Where `payload` can be a single dictionary, a list of dictionary, or a path to a JSON Line file that contains a payload for every line.

Alternatively, you can use the low-level `llmeter.runner.Runner` class to run and analyze request
batches - and build your own custom experiments.

```python
from llmeter.runner import Runner

endpoint_test = Runner(
    endpoint,
    tokenizer=tokenizer,
    output_path="local or S3 path",
)
result = await endpoint_test.run(
    payload={...},
    n_requests=3,
    clients=3,
)

print(result.stats)
```

Additional functionality like cost modelling and MLFlow experiment tracking is enabled through `llmeter.callbacks`, and you can write your own callbacks to hook other custom logic into LLMeter test runs.

For more details, check out our selection of end-to-end code examples in the [examples](https://github.com/awslabs/llmeter/tree/main/examples) folder!

## Analyze and compare results

You can analyze the results of a single run or a load test by generating interactive charts.

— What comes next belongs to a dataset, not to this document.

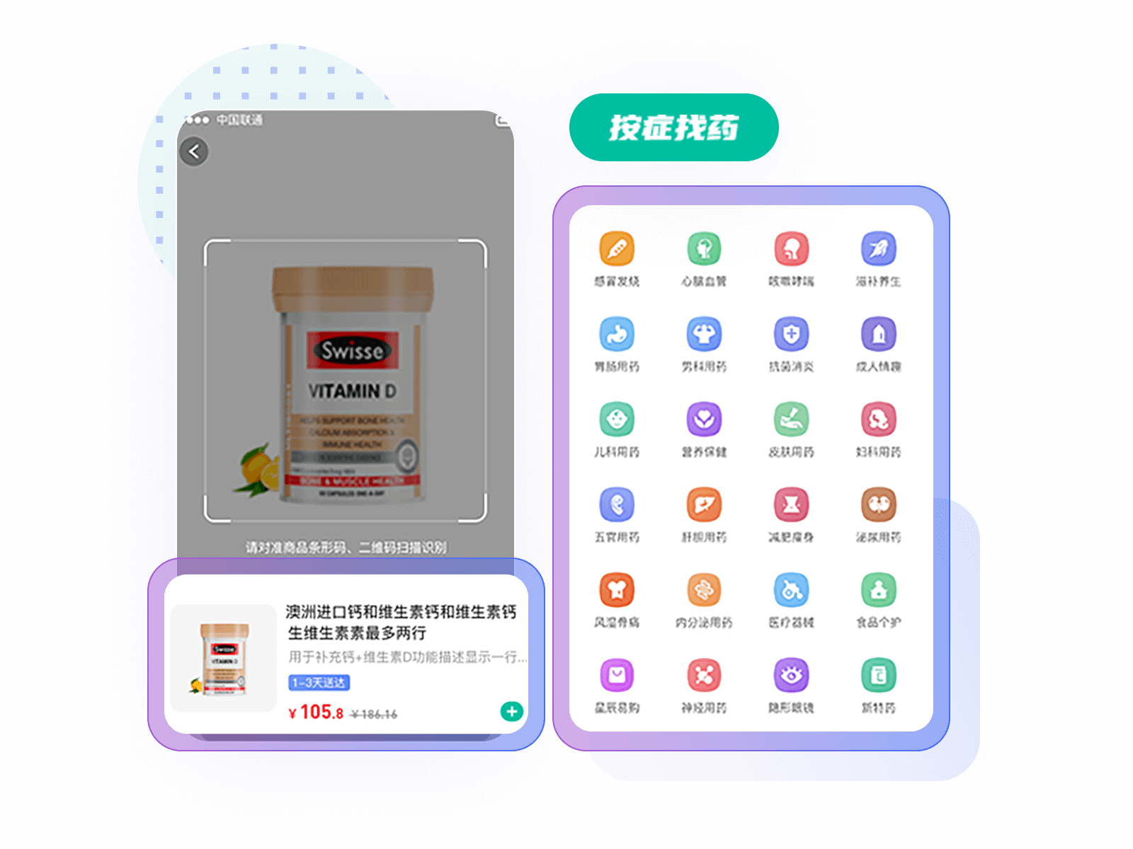 为用户提供:按症找药、扫码找药等多种便捷找药方式

You can find examples in in the [examples](examples) folder.

### Load testing

You can generate a collection of standard charts to visualize the result of a load test:

```python
# Load test results
from llmeter.experiments import LoadTestResult
load_test_result = LoadTestResult.load("local or S3 path", test_name="Test result")

figures = load_test_result.plot_results()
```

| ![Average input tokens](docs/average_input_tokens_clients.png)  |  ![Average output tokens](docs/average_output_tokens_clients.png) |
|---|---|
|![Error rate](docs/error_rate.png)   |  ![Request per minute](docs/requests_per_minute.png) |
|---|---|
| ![Time to first token](docs/time_to_first_token.png)| ![Time to last token](docs/time_to_last_token.png)|

You can see how to compare two load test in [Compare load test](<examples/Compare load tests.ipynb>).

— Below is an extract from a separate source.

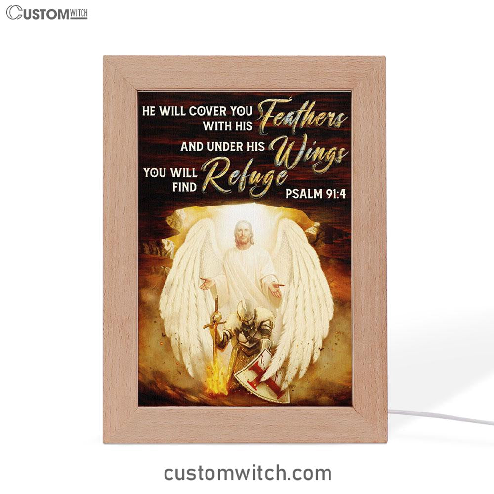 He Will Cover You With His Feathers Frame Lamp - Jesus Angel Wings Warrior Frame Lamp Art - Christian Art Decor - Religious Gifts Night Light
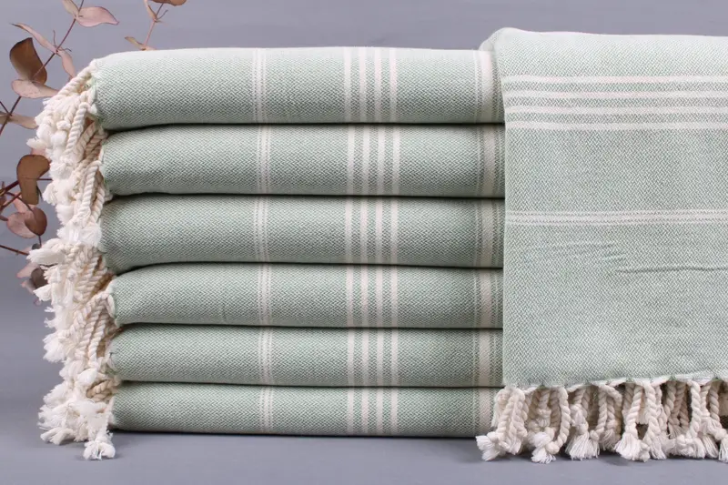 Turkish cotton products ensure durability and superior absorbency, resulting in soft and high-quality textiles. Characterized by dimensions of 40x67 inches (100x180 cm), these towels weigh between 425-475 grams, with a weaving tolerance of ±2 inches (±5 cm). Each product offers embroidery customization options, allowing for personalization of letters, names, or logos with precise details.

### Single Run visualizations

Metrics like _time to first token_ (TTFT) and _time per output token_ (TPOT) are described as distributions. While statistical descriptions of these distributions (median, 90th percentile, average, etc.) are a convenient way to compare them, visualizations provide insights on the endpoint behavior.

#### Boxplot

```python
import plotly.graph_objects as go
from llmeter.plotting import boxplot_by_dimension

result = Result.load("local or S3 path")

fig = go.Figure()
trace = boxplot_by_dimension(result=result, dimension="time_to_first_token")
fig.add_trace(trace)
```

Multiple traces can easily be combined into the same figure.

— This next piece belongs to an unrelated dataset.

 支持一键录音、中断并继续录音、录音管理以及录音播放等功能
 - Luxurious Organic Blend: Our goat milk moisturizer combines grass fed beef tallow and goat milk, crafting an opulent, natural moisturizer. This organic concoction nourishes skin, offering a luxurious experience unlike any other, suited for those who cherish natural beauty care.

![alt text](docs/boxplots.png)

#### Histograms

```python
import plotly.graph_objects as go
from llmeter.plotting import histogram_by_dimension

result = Result.load("local or S3 path")

fig = go.Figure()
trace = histogram_by_dimension(result=result, dimension="time_to_first_token", xbins={"size":0.02})
fig.add_trace(trace)
```

Multiple traces can easily be combined into the same figure.

![alt text](docs/hist.png)

## Security

See [CONTRIBUTING](https://github.com/awslabs/llmeter/tree/main/CONTRIBUTING.md#security-issue-notifications) for more information.

## License

This project is licensed under the Apache-2.0 License.